Kaempferia rotunda L.

Last updated: 20 Jun 2016

Scientific Name

Kaempferia rotunda L.


Kaempferia longa Jacq., Kaempferia versicolor Salisb., Zerumbet zeylanica Garsault [Invalid] [1]

Vernacular Name

Malaysia Kenchur [2]
English Ginger [2], resurrection lily [3]
China Hai nan san qi [3]
India Bloochampakamu, bhumi champa, karunkuvalai, malan-kua, nelasampige, tuktin-par, utpala [3]
Java Kunir puteh, kunchi pepet, ardong, temu puteri [3]
Bangladesh Bujura phul, mrichenga, raijiong [3]
Nepal Bhuichampa [3]
Germany Runde Gewurzlilie, Gefkecjte Gewurzlilie, Runder kentjur [1][4][5][6][7][8].

Geographical Distributions

Kaempferia rotunda is cultivated throughout Peninsular Malaysia. It is also found in Indonesia, southern China, Cambodia, Laos, Myanmar, Vietnam and Thailand.
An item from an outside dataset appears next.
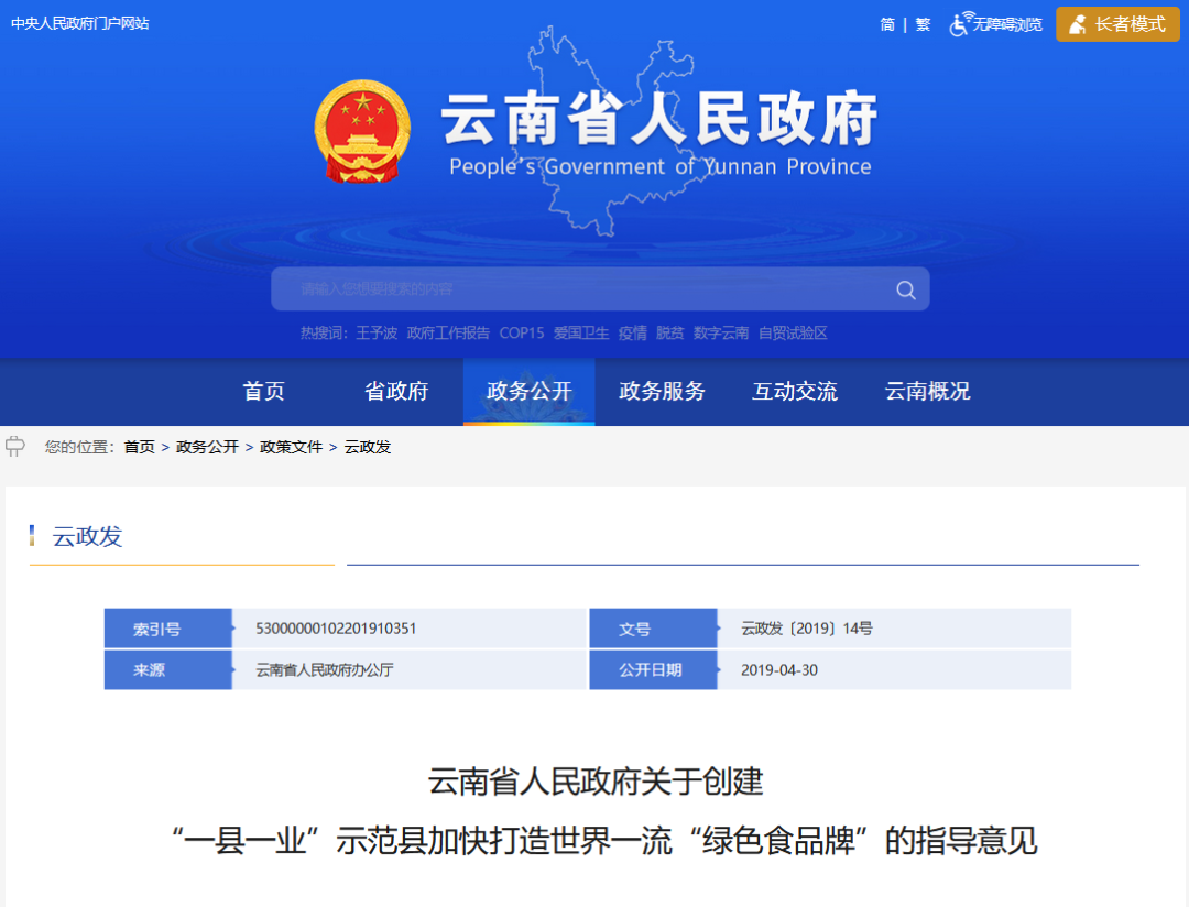 2019年云南省人民政府出臺(tái)了《云南省人民政府關(guān)于創(chuàng)建“一縣一業(yè)”示范縣 加快打造世界一流“綠色食品牌”的指導(dǎo)意見(jiàn)》(以下簡(jiǎn)稱《指導(dǎo)意見(jiàn)》)

It grows in the open grasslands at low and medium altitudes. [2]

Botanical Description

K. rotunda is a member of the Zingiberaceae family. The rhizome is tuberous. The lingual is broadly triangular and 0.3 cm long. The petiole is 2 cm long and channeled. The blade is pale green above and purplish below, lanceolate, 17 cm x 7.5 cm to 25 cm x 9.5 cm, and cuneate at the base. [9]

The inflorescence is sessile, with 4-6 flowers, and emerges from the rhizome before the leaves. The flowers are fragrant. The bracts are light purple-brown. The braceoles are 2 cm long and the apex is bifid. The calyx is 4.5-7 cm long and trifid. The corolla lobes are spreading, white, linear, and 5cm long. The lateral staminodes are erect, white, lanceolate, and 5 cm x 0.5 cm long. The labellum is lilac, orbicular, and bifid. The gynoecium is 0.5cm long and hairy. [9]


No documentation

Chemical Constituent

Kaempferia rotunda has been reported to contain (-)-6-acetylzeylenol, (-)-Zeylenol; (E)-1-(2-Hy-droxy-4,6-dimeth-oxy-phen-yl)-3-(4-meth-oxy-phen-yl)prop-2-en-1-one, 1,2’-hydroxy-4,4’,6’-trimethoxy-chalcone, 2-acetylrotepoxide B, 2,2-diphenyl-1-picrylhydrazyl, 3-deacetyl-crotepoxide, b-pentadecane, β-sitosterol; benzyl benzoate, camphene; chavicvol, cineole, crotepoxide; four acylated derivatives of 1-benzoyloxymethyl-1,6-epoxycyclohexan-2,3,4,5-tetrol, Diels-Alder adduct of 3-benzoyl-1-benzoyloxymethylcyclohexa-4,6-dien-2,3-diol. [9][10][11][12][13]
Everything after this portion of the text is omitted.